Why it matters · It takes the guesswork out of value. Mixing a flesh tone to match a specific gray gives absolute control over the light-and-shadow pattern. The painting stands on a settled value foundation rather than on haphazard colour mixing.
Reilly's organised palette (the nine-value neutral string; Grumbacher once sold a "Reilly Neutral" set)
Construct the head with the Reilly abstraction
Drew the head from a system of abstract rhythm lines connecting the key landmarks, built on a circle divided into proportional sections.
Why it matters · Instead of copying features, this builds the underlying structure and flow of the forms. The rhythm lines, connecting the corner of the eye to the wing of the nose and so on, teach the artist to see relationships and make a head that reads as solid.

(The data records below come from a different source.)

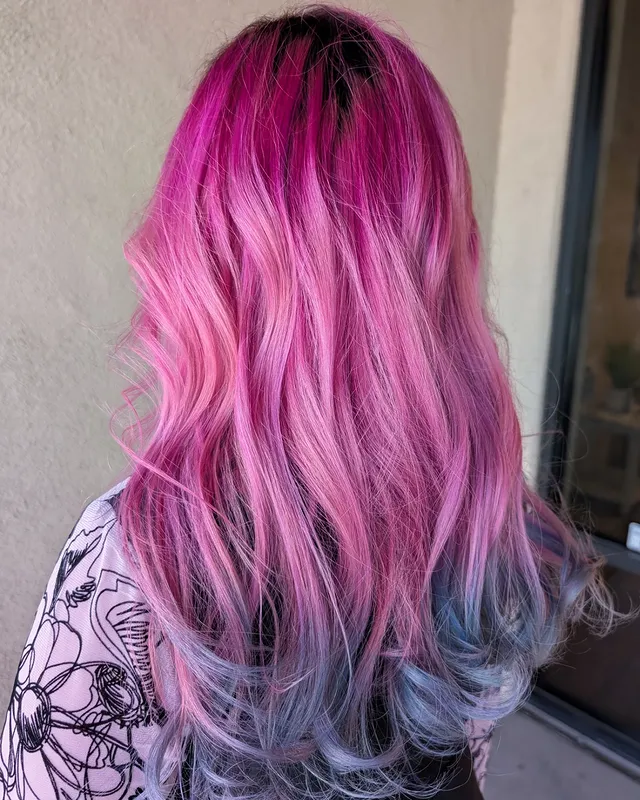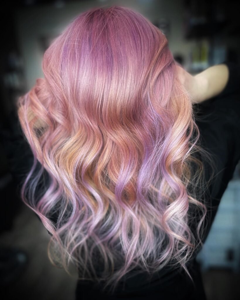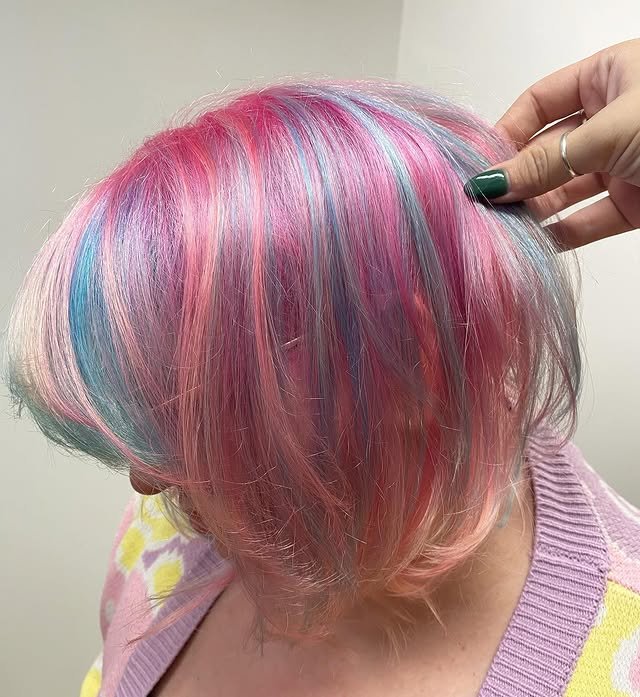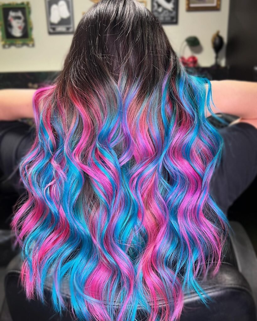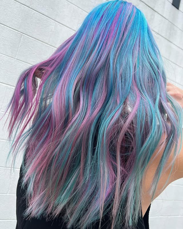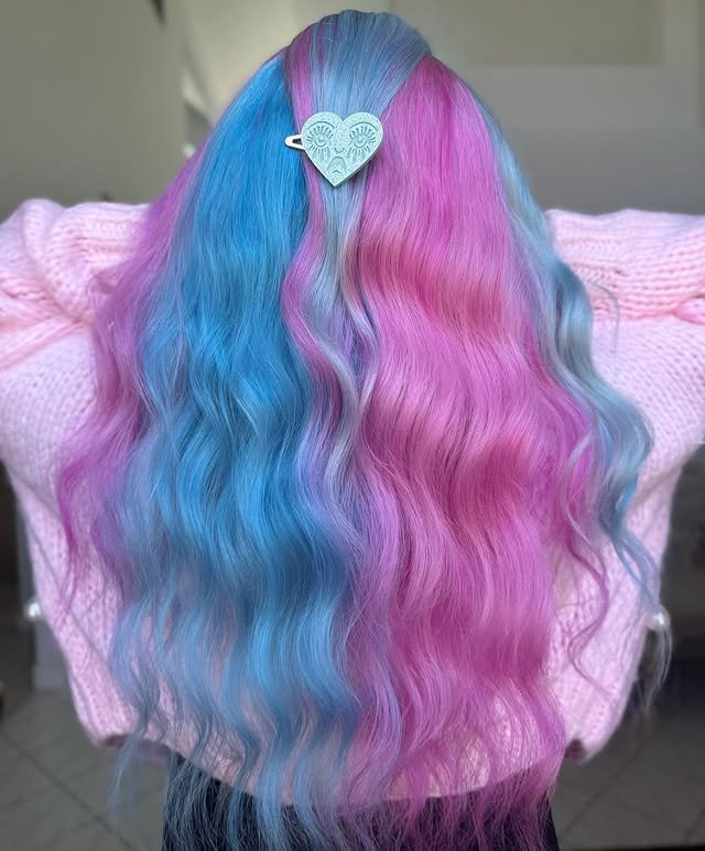 This blend of soft pinks and baby blues mimics cotton candy, giving the hair a playful and colorful finish.
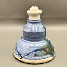 Reno Signed Studio Pottery Oil Lamp Blue Glaze Stoneware Abstract Contemporary
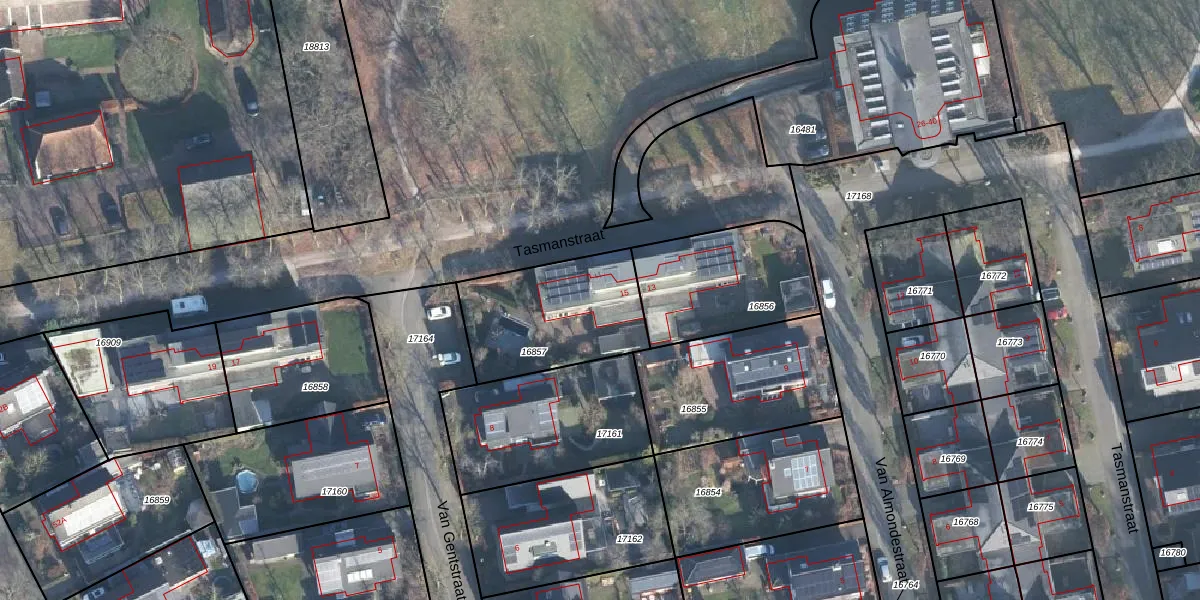 Het perceel waarop Tasmanstraat 15 staat heeft een oppervlakte van 510 m². Dit is een groot perceel. De perceeloppervlakte wordt geregistreerd door het Kadaster. Gedetailleerde informatie over de maten van dit perceel kunt u vinden in het rapport Kadastrale kaart met maatvoering van Tasmanstraat 15.
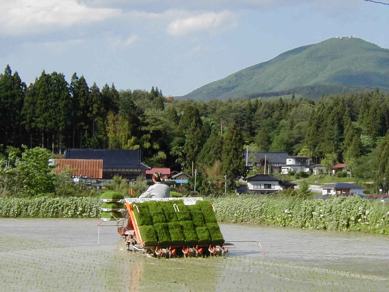 | 田植えが始まりました。 今年は、苗も機械も天気も順調です。 それでも、作業する面積が増えたので、 今月いっぱいかかる見込みです。 |

Jack Faragasso, Mastering Drawing the Human Figure from Life, Memory, Imagination
Begin the figure with six structural lines
Set the core action of a pose with six abstract lines: the head, the spine, the shoulder line, and the relationships between the major masses.
Why it matters · He taught it as "the way to think," not a drawing trick. It makes the artist see the whole gesture and balance before getting lost in detail, so the finished drawing is built around a clear action, not assembled part by part.
Candido Rodriguez, quoted in "Another Look at Frank Reilly", Today's Inspiration, 2010
Start the painting with a flat value "poster"
Blocked the whole canvas in flat, average values in a strict order: the darkest dark, then the shadows, then the lights, then the halftones.
Why it matters · Reilly held that a painting's success rests on this stage. Setting the big, simple light-and-dark pattern first makes the composition read from across the room. Every later piece of modelling and colour sits inside that strong, simple statement.
Reilly's value lay-in, or "poster," documented in the painting curriculum
Run a complete, business-like system
Ran his packed Art Students League classes on a strict schedule with a formal curriculum of lectures, homework, and a logical march from drawing to painting.
Why it matters · Reilly treated art as a craft learnable through a repeatable, near-scientific process. That system demystified painting for thousands of students, handing them a reliable toolkit, above all for the demands of commercial illustration.